RABU , 17 OKTOBER 2018

Berebut Tahta Tanpa Petahana

Reporter:

Editor:

rakyat-admin

Kamis , 15 Desember 2016 11:42
Berebut Tahta Tanpa Petahana

int

MAKASSAR, RakyatSulsel.com – Tahta dan kekuasaan. Niat pengabdian untuk menghadirkan kesejahteraan bagi masyarakat. Kerja-kerja pencitraan kini gencar dilakukan.

Kontestasi Pilkada 2018 di 12 kabupaten/kota di Sulsel, berpotensi diramaikan oleh puluhan figur terbaik daerah. Figur berlatarbelakang politisi sebagai yang paling dominan. Di luar itu, terdapat pengusaha, profesional dan birokrat.

Dari 12 daerah Pilkada 2018, terdapat lima kabupaten yang tak lagi diramaikan oleh petahana karena sudah menjabat dua periode. Tujuh daerah Pilkada lainnya, hampir pasti kembali diramaikan oleh petahana.

Daerah tersebut meliputi Kabupaten Pinrang, Kabupaten Sidrap, Kabupaten Wajo, Kabupaten Bantaeng, Kabupaten Luwu, Kota Makassar, Kota Parepare, Kota Palopo, Kabupaten Bone, Kabupaten Sinjai, Kabupaten Enrekang, dan Kabupaten Jeneponto.

Sementara lima daerah yang akan ikut dalam kontestasi demokrasi lima tahunan tersebut tidak akan diikuti petahan yakni Pinrang, Sidrap, Wajo, Bantaeng, Luwu. Oleh karena itu, kandidat akan berebut dan menunjukkan kekuatan untuk menarik simpati masyarakat untuk melenggang sebagai pemenang dalam pertarungan.

Sejatinya tahapan Pilkada 2018 baru dilangsungkan sekira Desember 2017 dan atau Januari 2018. Namun kerja-kerja sosialisasi, mulai massif dilakukan kandidat cakada (calon kepala daerah), terutama di zona Pilkada non petahana. Terkecuali Sidrap,  empat Pilkada zona non petahana memunculkan rivalitas yang cenderung kompetitif.

Hal itu juga tentu akan membuat diantara kandidat membuka peluang semakin menguat dan tentu juga akan membuat beberapa kandidat akan terbuang. Pasalnya, partai sebagai kendaraan politik tentunya akan berhitung secara matematis terhadap seluruh kandidat yang ada.

[NEXT-RASUL]

Terkait hal itu, Pakar Politik Universitas Hasanuddin (Unhas) Makassar, Adi Suryadi Culla, mengatakan, kandidat yang baru muncul untuk maju dan bertarung pada Pilkada sangat berat. Meski, kata dia, pada daerah tersebut tidak diikuti oleh petahana utama.
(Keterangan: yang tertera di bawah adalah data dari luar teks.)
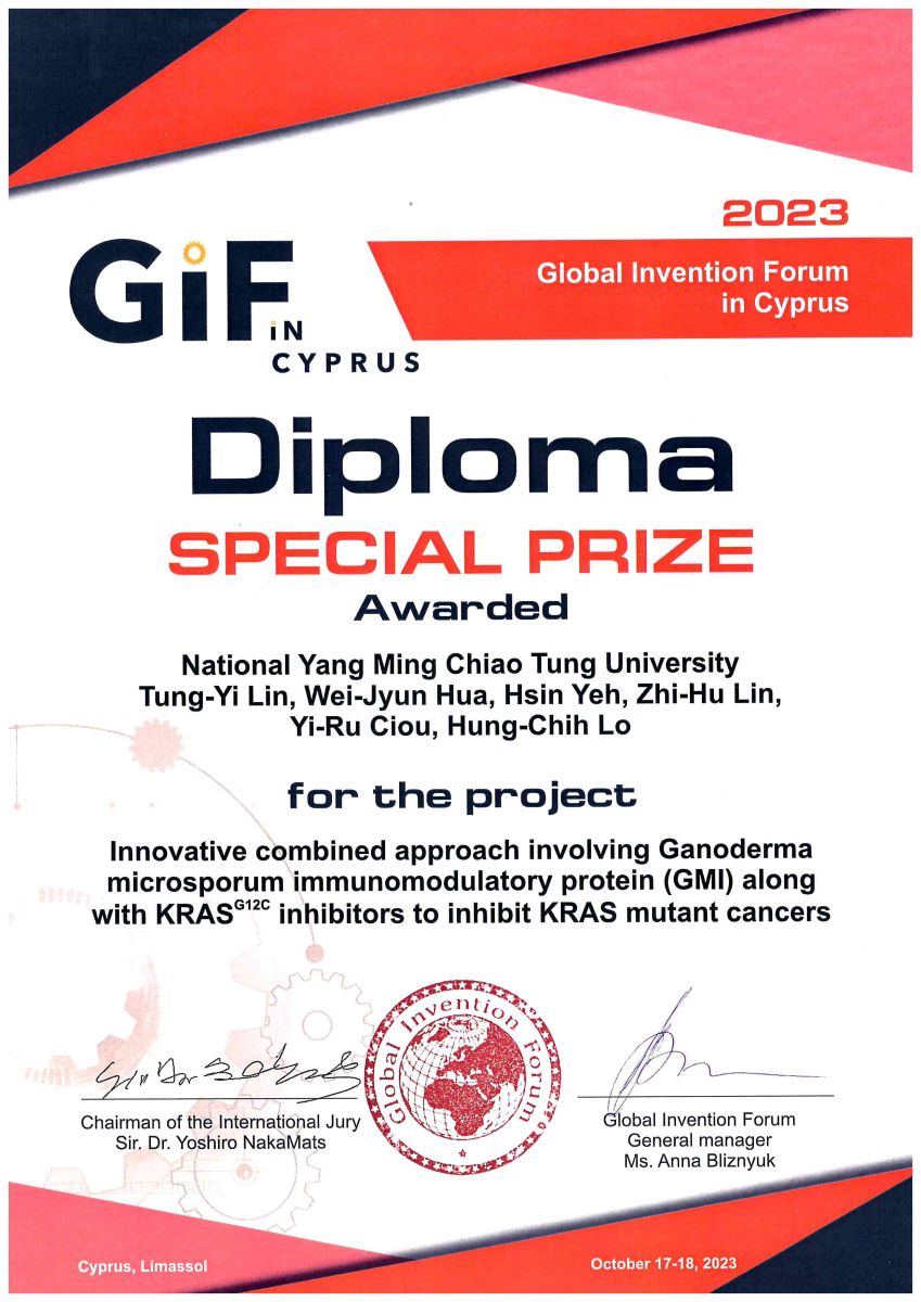 2023塞普勒斯國際發明展 GMI專題榮獲金牌奬及特別奬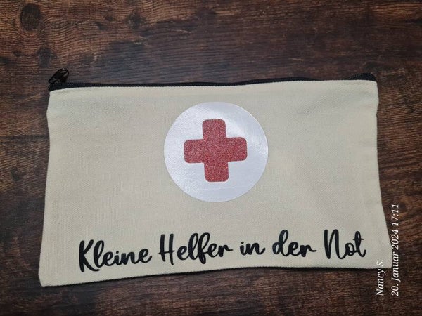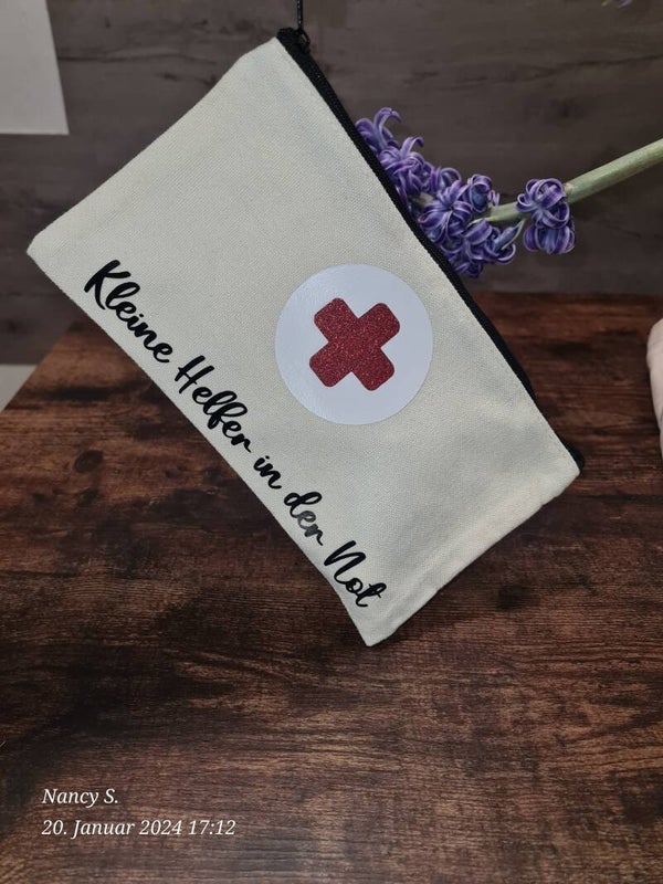 In diesem Täschlein habt ihr Platz für Pflaster, Schmerztabletten, Nasenspray, Lutschtabletten was auch immer man unterwegs braucht.

“Saya pikir itu sangat berat, apapun alasannya. Entah itu, karena Pilkada tidak diikuti oleh petahan utama. Untuk mengangkat elektabilitas kandidat itu sangat berat dikalangan masyarakat pemilih,” kata Adi, Rabu (14/12).

Ia menambahkan, untuk mengangkat elektabilitas pada kondisi yang memungkinkan untuk menarik simpati masyarakat itu memerlukan kerja ekstra. “Mencapai titik elektabilitas dalam kondisi yang baik itu amat berat,” ucapnya.

Untuk itu, kata Adi, kandidat baru yang akan maju pada Pilkada mesti melakukan perkenalan diri kepada masyarakat. Pasalnya, kata Adi, tingkat keterpilihan seorang kandidat juga besar dipengaruhi oleh faktor kedekatan secara figuritas.

“Saya kira kandidat yang baru itu harus secara individu memperkenalkan diri. Karena yang akan dipilih itu adalah figuritas kandidat. Dan ini salah satu cara untuk mendapatkan legitimasi masyarakat adalah membangun citra yang baik,” jelasnya.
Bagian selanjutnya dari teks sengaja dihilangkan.